Let’s talk about costs, however. The short explanations above may make you think that this is all going to be easy and we should all use reinforcement learning. But there are some real considerations you have to bear in mind:

  • it takes time (effectively: money) to develop the expertise to do this reliably well. There are lots of footguns here and you might need several people to manage it.
  • there are maintenance costs. No model stays fresh. The moment you stop training it it usually starts degrading (since the world doesn’t stop) so if you train it once then usually you have to keep training it (unless it’s being used for historical data or something that truly doesn’t change).
  • there are testing / evaluation costs. This takes time and expertise again to know whether your model or new system is actually as good as your current frontier-model-driven solution.
  • you’ll probably end up serving your model yourself in-house, which also needs expertise as well as infrastructure costs. At scale, you will need to work to keep costs down and to serve your models efficiently.

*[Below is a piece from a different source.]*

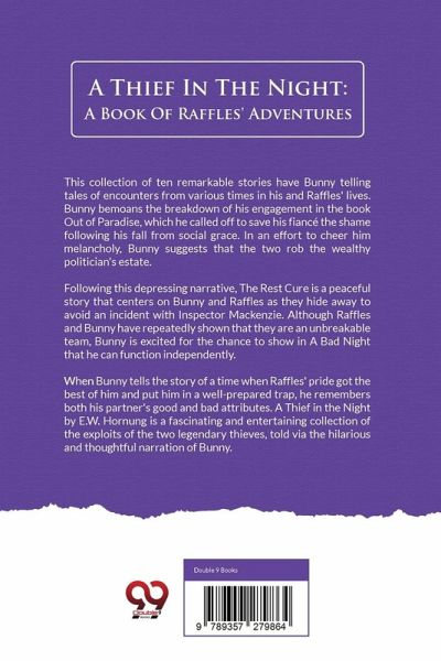 This collection of ten remarkable stories have Bunny telling tales of encounters from various times in his and Raffles' lives. Bunny bemoans the breakdown of his engagement in the book Out of Paradise, which he called off to save his fiancé the shame following his fall from social grace. In an effort to cheer him melancholy, Bunny suggests that the two rob the wealthy politician's estate. Following this depressing narrative, The Rest Cure is a peaceful story that centers on Bunny and Raffles as they hide away to avoid an incident with Inspector Mackenzie. Although Raffles and Bunny have repeatedly shown that they are an unbreakable team, Bunny is excited for the chance to show in A Bad Night that he can function independently. When Bunny tells the story of a time when Raffles' pride got the best of him and put him in a well-prepared trap, he remembers both his partner's good and bad attributes. A Thief in the Night by E.W. Hornung is a fascinating and entertaining collection of the exploits of the two legendary thieves, told via the hilarious and thoughtful narration of Bunny.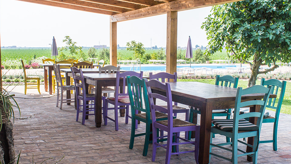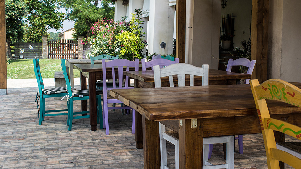 Our porch, typical of country houses, has an open part, with wooden tables and colored chairs, ideal for summer breakfasts and dinners, as well as for aperitifs with friends.

You’ll also want to consider how large a load you currently have and how consistently large it will remain. Also how stable is the use case. If the load fluctuates a lot and might not exist in a few months, then it might not be worth investing the time and effort to RL your own.

Comparing the approaches

Approach Where the training data comes from Setup effort & expertise Cost shape Ceiling: how good can it get?
Plain SFT (the baseline) Humans hand-label every example Low method, but hand-labelling is the real bottleneck (slow, costly at scale) High up-front human cost; cheap to serve once trained As good as your labels
Distillation A stronger teacher model writes the labels Low–medium: mostly “generate with the teacher, then SFT” Pay the teacher once to label; cheap to serve. Mind the teacher’s ToS The teacher — you approach it, never beat it
Graded / filtered SFT Your own agent’s production traces, keeping only the best Medium: you need a grader and an explicit quality bar Data is near-free (already logged); cost is grading + training Your agent’s best existing behaviour, concentrated
Reinforcement learning Your inputs + a scoring function — no fixed answers High: an environment, a trainer (e.g. GRPO), and real footguns Highest up-front and ongoing (serving, retraining); pays off at scale Can exceed any single model — but only as far as your reward function is honest

Questions

Since this was meant to be an overview, I’d pass right now to just surface the questions which are at the top of my mind:

  • What are the tradeoffs when choosing reinforcement learning (beyond what I mentioned above). Are there other things that I haven’t thought of that might be great benefits or disadvantages?
  • What is the threshold at which point it makes sense to choose RL? Is it purely a cost thing? Or even in a case where you cannot use frontier models (on account of data privacy restrictions, for example), are there cases or moments where / when you might want to still not do RL because it’s not a great use case? What are those decisions? (Might be a good case for a flowchart next time!)
  • Which parts of RL training are experimental and we don’t know how well they work, and which parts are solid choices, dependable etc?
  • Which RL paths are ones which are very simple and straightforward to do, and which ones require real expertise (whether engineering expertise or math / hard science expertise)? In other words, if you’re a team that doesn’t have a big research team then you’re probably going to want to choose something as risk-free as possible.
  • In the above I mostly was talking about offline RL, but what about online RL? How is this different? Why would one do one vs the other and what are the tradeoffs?
  • What are the data thresholds for some common use cases? i.e. for an email support agent or something, how many traces of successful conversations would you need to get good results?
  • Are there special ways of evaluating RL-ed models?
  • Are there special flavours of RL out in the world that people are experimenting with?
  • Is RL the main thing people are putting money and energy into at the moment for these kinds of use cases, or are there other options I haven’t mentioned which are promising?